* **Work request**
What is the number of lines in this listing that include "Фёдорович"? Answer with that number only.

* **Source material**
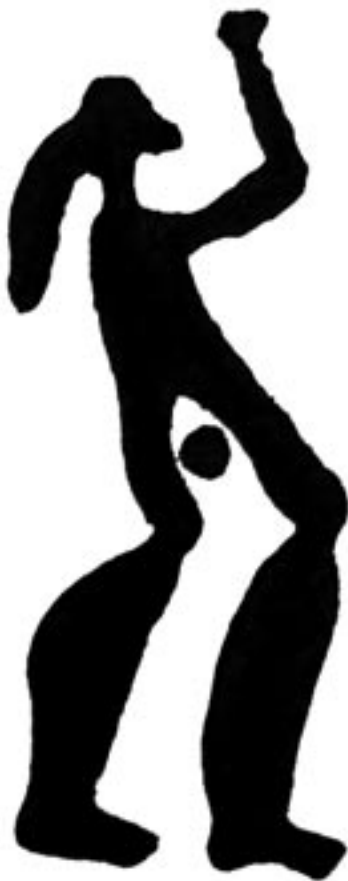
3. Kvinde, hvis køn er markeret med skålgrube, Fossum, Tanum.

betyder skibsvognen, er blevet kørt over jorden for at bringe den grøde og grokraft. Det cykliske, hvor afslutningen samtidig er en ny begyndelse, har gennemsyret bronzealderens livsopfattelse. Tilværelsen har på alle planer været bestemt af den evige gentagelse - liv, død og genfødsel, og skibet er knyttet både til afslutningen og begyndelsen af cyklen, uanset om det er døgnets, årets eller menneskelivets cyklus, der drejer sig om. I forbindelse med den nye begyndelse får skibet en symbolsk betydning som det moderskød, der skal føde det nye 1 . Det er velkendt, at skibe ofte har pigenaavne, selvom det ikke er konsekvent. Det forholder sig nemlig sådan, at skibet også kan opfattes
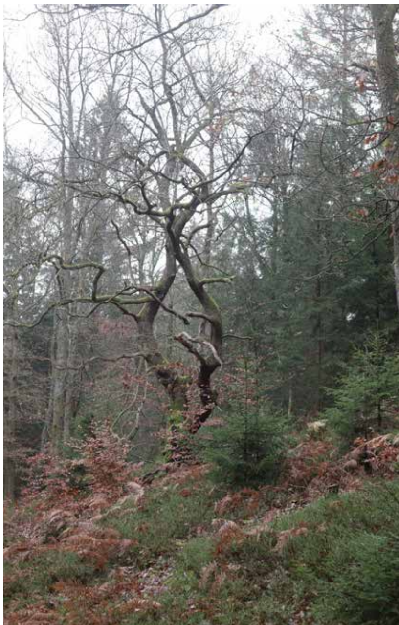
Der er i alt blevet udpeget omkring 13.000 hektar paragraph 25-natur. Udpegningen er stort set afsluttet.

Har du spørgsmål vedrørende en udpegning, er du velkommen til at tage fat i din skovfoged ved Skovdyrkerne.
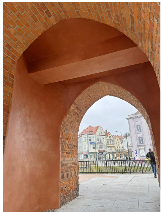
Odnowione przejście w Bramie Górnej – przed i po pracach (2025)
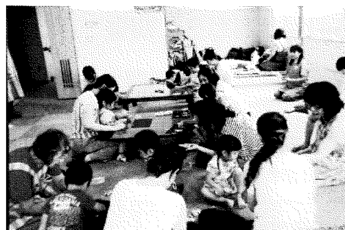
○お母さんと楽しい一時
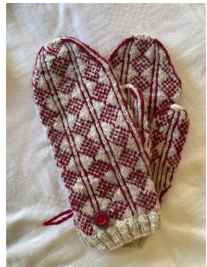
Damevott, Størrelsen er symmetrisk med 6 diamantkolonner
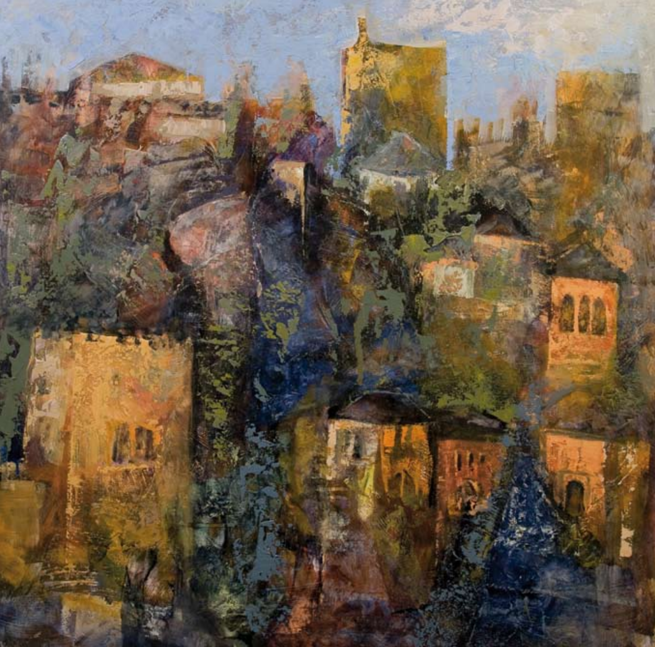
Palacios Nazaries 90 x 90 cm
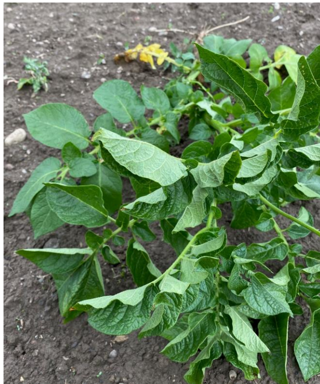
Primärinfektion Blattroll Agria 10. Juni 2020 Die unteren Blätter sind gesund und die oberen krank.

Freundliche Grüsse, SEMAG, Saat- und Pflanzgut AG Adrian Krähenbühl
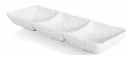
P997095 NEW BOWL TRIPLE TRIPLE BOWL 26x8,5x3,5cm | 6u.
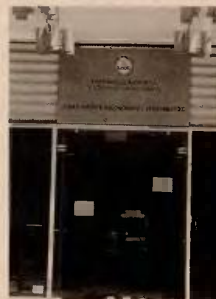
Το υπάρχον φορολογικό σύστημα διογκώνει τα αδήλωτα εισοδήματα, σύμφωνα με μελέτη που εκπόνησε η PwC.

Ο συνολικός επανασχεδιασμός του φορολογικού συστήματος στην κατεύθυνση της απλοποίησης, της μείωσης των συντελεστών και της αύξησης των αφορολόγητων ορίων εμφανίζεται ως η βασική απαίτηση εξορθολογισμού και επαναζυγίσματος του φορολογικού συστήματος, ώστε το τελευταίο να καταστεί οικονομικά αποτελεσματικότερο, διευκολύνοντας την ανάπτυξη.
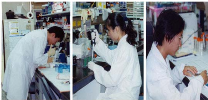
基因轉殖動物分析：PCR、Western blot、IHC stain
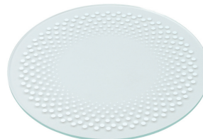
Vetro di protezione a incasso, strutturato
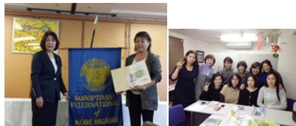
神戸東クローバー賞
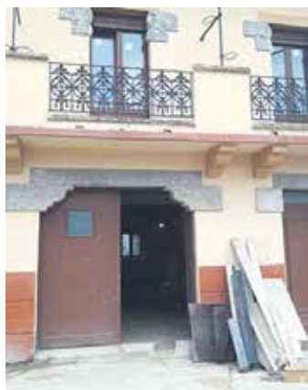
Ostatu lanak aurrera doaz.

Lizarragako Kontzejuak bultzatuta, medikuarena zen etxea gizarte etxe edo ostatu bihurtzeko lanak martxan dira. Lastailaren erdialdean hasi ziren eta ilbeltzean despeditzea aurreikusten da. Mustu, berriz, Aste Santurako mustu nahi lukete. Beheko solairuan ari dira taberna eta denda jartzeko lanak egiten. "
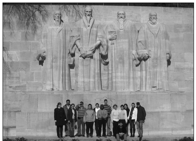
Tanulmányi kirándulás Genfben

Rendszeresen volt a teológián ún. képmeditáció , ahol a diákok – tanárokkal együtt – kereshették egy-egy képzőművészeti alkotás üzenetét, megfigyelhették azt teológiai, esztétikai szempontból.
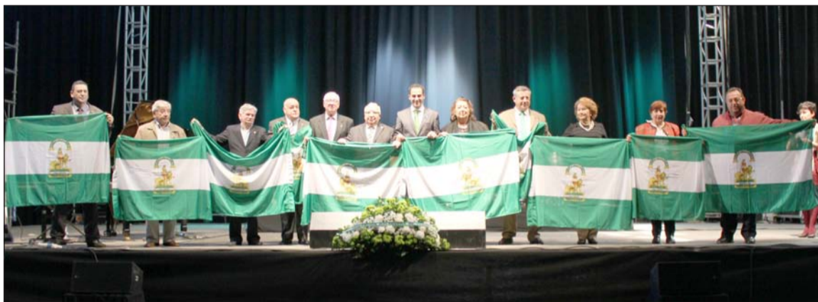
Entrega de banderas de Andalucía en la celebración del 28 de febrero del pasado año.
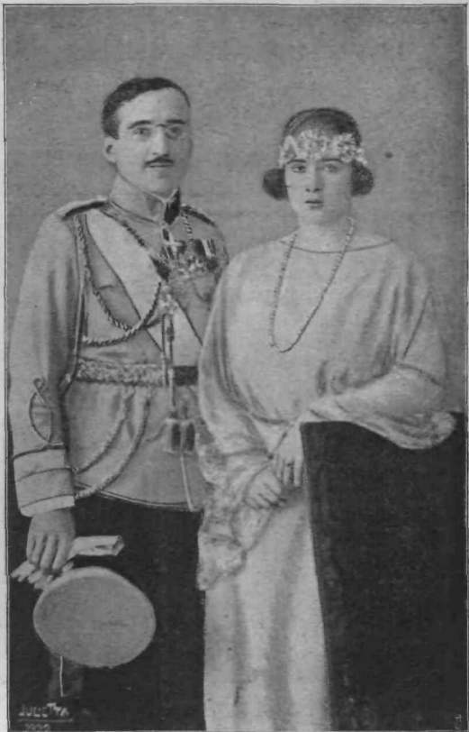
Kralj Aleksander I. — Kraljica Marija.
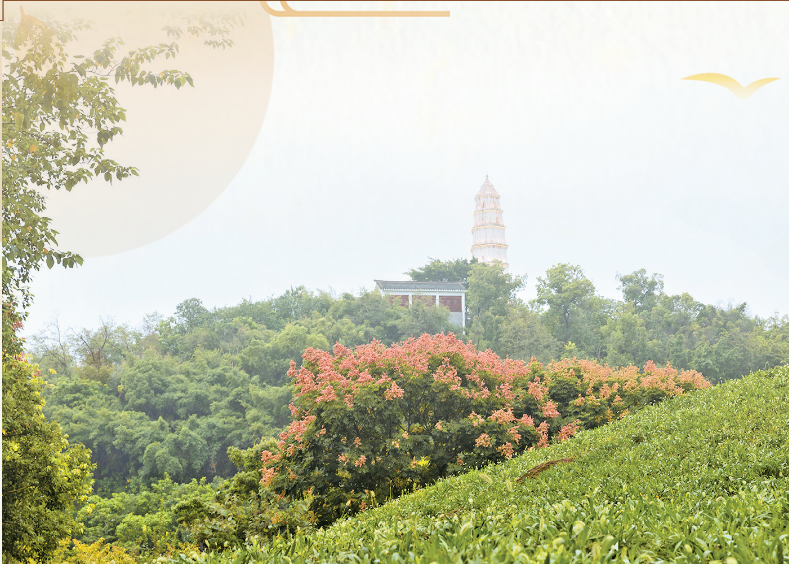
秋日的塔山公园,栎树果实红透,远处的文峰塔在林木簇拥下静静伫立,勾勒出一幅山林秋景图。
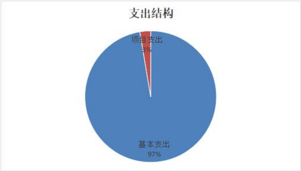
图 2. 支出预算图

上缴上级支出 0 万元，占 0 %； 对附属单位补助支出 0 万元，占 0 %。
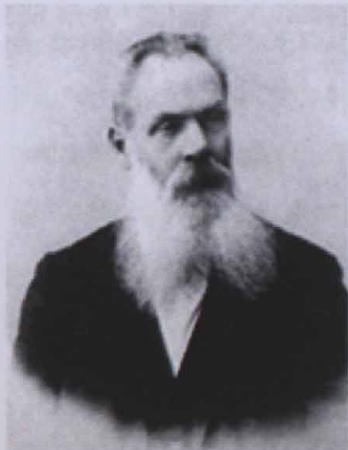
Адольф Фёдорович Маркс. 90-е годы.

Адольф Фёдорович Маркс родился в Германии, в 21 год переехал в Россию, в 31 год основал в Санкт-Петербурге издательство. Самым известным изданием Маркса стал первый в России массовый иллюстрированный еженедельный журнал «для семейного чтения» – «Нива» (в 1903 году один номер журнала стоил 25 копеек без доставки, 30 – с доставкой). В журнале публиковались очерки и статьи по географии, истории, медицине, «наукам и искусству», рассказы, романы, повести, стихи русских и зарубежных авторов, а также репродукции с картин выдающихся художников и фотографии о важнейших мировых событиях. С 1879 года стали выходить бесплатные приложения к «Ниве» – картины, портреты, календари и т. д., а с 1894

* **Solution for this exercise**
2